El hombre vacila, cierra el recuadro, comienza a escribir de nuevo.

Necesito ese material. Tengo que estudiarlo y tengo que encontrar algo antes de que el FBI relacione el ataque con mi hijo.

Cuando las autoridades tengan esto, cuando identifiquen a Zachary, y a mí, no tendré tiempo.

El tecleo cesa de nuevo. Surge la misma ventana. Empieza a asaltarme el temor.

Se queda mirando la pantalla un buen rato y se vuelve hacia mí.

No sé cómo, pero sé lo que va a decir antes de que lo diga.

—Las cámaras… no están grabando.


—¿Está seguro? —inquiero, pero según lo digo, soy yo la que está segura.

Cómo iban a estar grabando.

Quienquiera que haya hecho esto, quienquiera que haya hecho esta barbaridad espantosa, tendría que borrar las pruebas, cualquier cosa que demostrase que ha estado aquí.

—Estoy seguro —afirma perplejo.

Es un alivio, en cierto modo. Al menos temporal. Significa que no hay nada que demuestre que Zachary estuvo aquí. Nada que demuestre lo que hice yo momentos antes de oír esos primeros gritos.

No obstante, el Buró acabará encajando las piezas. Encontrarán el email que se envió al reclutador y localizarán por GPS el móvil de Zachary. Sabrán que estuvo aquí, en el hotel, antes de que se produjesen los asesinatos. Sabrán exactamente cuándo realicé esa llamada al equipo de seguridad de Shields.

Acabarán vinculándonos con el ataque.

En cambio, la persona que de verdad hizo eso… Sin grabaciones, sus huellas están borradas.

Vuelvo a fijarme en las pantallas, voy de una a otra. Imágenes en directo, que sin embargo no se graban. Quienquiera que haya hecho esto estuvo aquí. Salió en esas pantallas. Y ese material no está grabado.

Veo el salón de baile, los dos grupos apretados. El vestíbulo, abarrotado de gente. Las puertas de delante, gente yendo hacia ellas, saliendo.
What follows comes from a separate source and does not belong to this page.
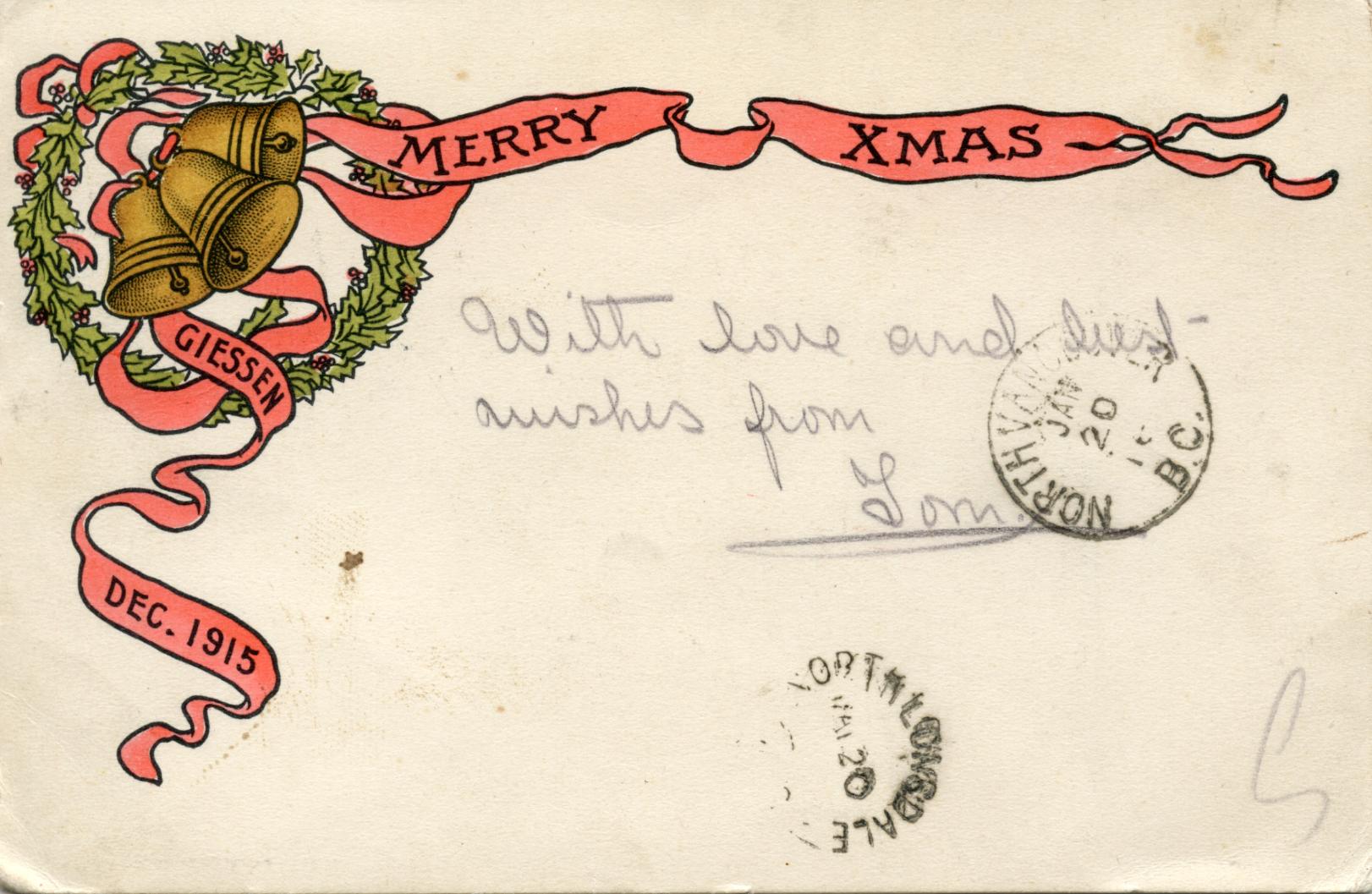 Published December 5, 2015 at 1622 × 1057 in Christmas at the Front – Merry Xmas from Giessen Dec. 1915‘GiessenXmas001’ A Christmas card sent from Giessen P.O.W. camp in 1915 ‹ Back

No hay perímetro. La gente se está marchando. Dios mío, qué desastre. Aquí no hay nadie que controle la situación, nadie que impida que los testigos se vayan.

Entonces lo veo.

Una figura, en la pantalla.

Una gorra oscura, la cabeza gacha, como el tipo de la cámara de seguridad del edificio en el que vive mi madre.

Doy un paso adelante, lo miro con atención, el corazón empieza a latirme con fuerza.

—¿Podría hacer zoom ahí? —pido señalando al hombre.

Oigo vagamente un tecleo de fondo y la imagen de la pantalla se agranda. Sigo sin verle la cara, sólo la gorra.

Está cerca de la hilera de puertas de cristal, va a salir. Está a punto de marcharse.

—Más —apremio.

El hombre de la pantalla levanta el brazo para abrir la puerta y entonces lo veo.

Un tatuaje familiar.

Dos cuchillos cruzados, formando una X.